- WHAT THIS TASK INVOLVES: With the pictures removed, please write out every line below exactly as given.

- DATA SECTION:

———

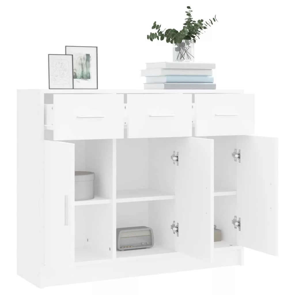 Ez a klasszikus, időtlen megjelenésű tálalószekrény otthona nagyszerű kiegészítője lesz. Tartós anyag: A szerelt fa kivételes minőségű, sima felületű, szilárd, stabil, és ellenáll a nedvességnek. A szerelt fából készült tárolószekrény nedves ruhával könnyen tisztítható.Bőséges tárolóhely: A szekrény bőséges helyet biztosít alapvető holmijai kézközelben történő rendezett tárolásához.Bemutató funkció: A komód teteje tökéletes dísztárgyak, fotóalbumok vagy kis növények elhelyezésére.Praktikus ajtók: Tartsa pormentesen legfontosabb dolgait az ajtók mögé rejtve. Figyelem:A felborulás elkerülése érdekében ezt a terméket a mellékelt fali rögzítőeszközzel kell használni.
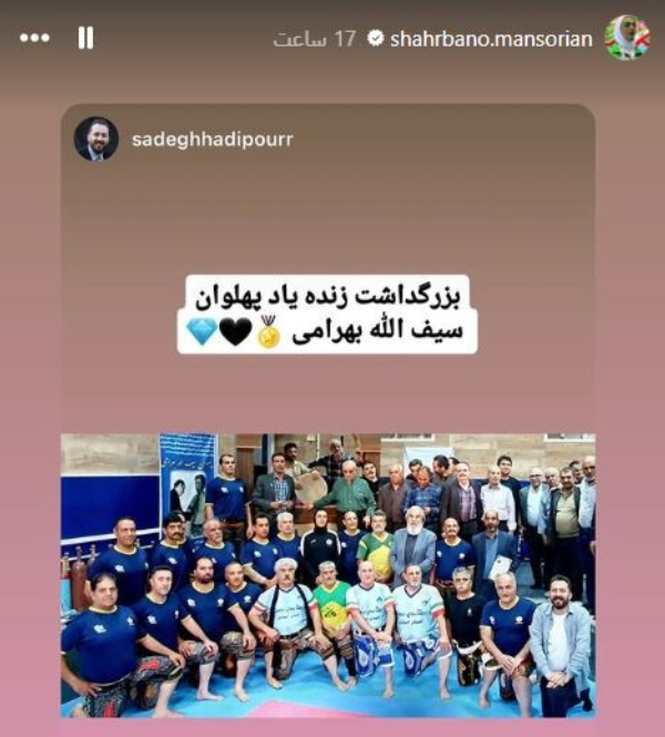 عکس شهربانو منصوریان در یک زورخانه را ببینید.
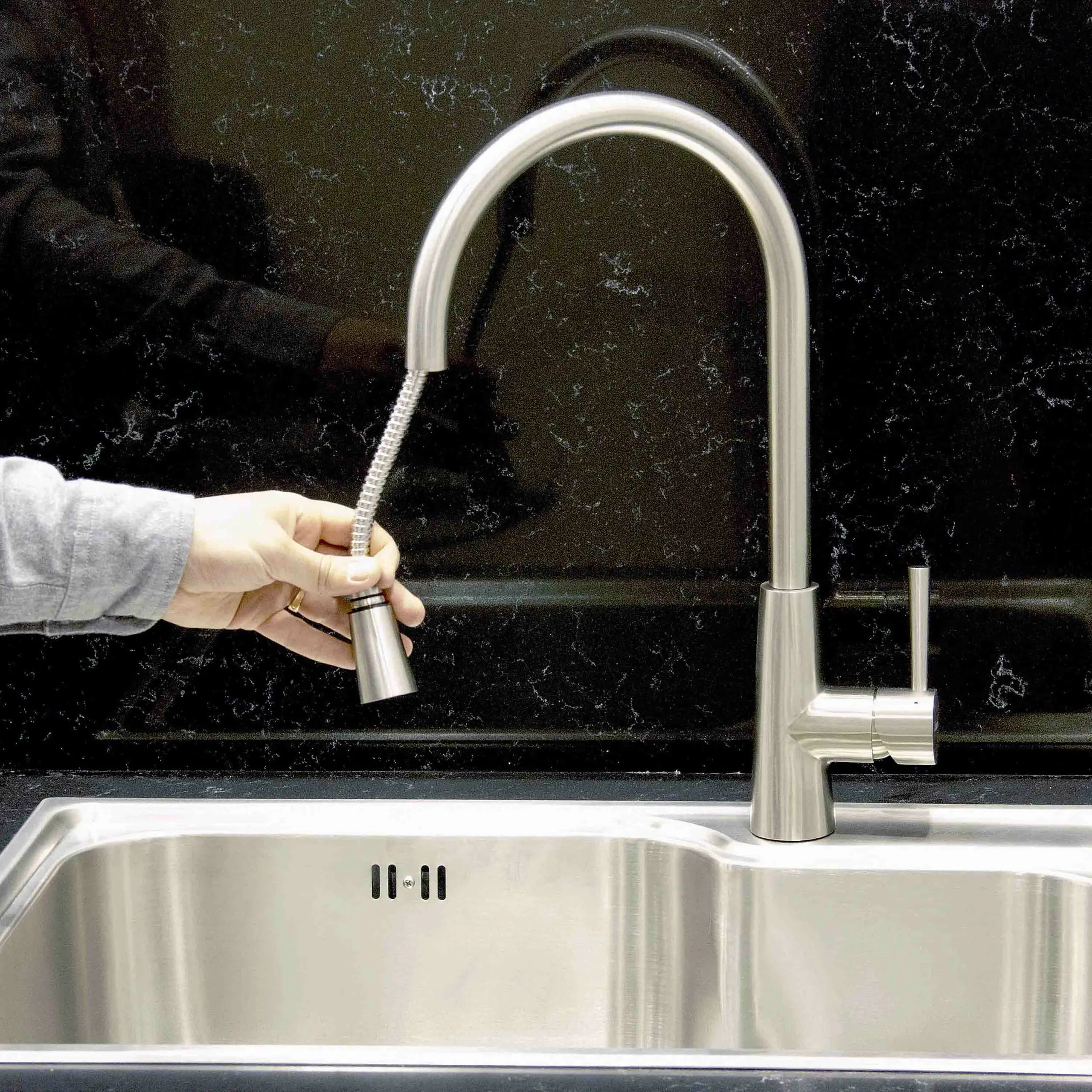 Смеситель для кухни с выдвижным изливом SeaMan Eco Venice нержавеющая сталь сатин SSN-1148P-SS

———

- TASK ANSWER:
 Ez a klasszikus, időtlen megjelenésű tálalószekrény otthona nagyszerű kiegészítője lesz. Tartós anyag: A szerelt fa kivételes minőségű, sima felületű, szilárd, stabil, és ellenáll a nedvességnek. A szerelt fából készült tárolószekrény nedves ruhával könnyen tisztítható.Bőséges tárolóhely: A szekrény bőséges helyet biztosít alapvető holmijai kézközelben történő rendezett tárolásához.Bemutató funkció: A komód teteje tökéletes dísztárgyak, fotóalbumok vagy kis növények elhelyezésére.Praktikus ajtók: Tartsa pormentesen legfontosabb dolgait az ajtók mögé rejtve. Figyelem:A felborulás elkerülése érdekében ezt a terméket a mellékelt fali rögzítőeszközzel kell használni.
 عکس شهربانو منصوریان در یک زورخانه را ببینید.
 Смеситель для кухни с выдвижным изливом SeaMan Eco Venice нержавеющая сталь сатин SSN-1148P-SS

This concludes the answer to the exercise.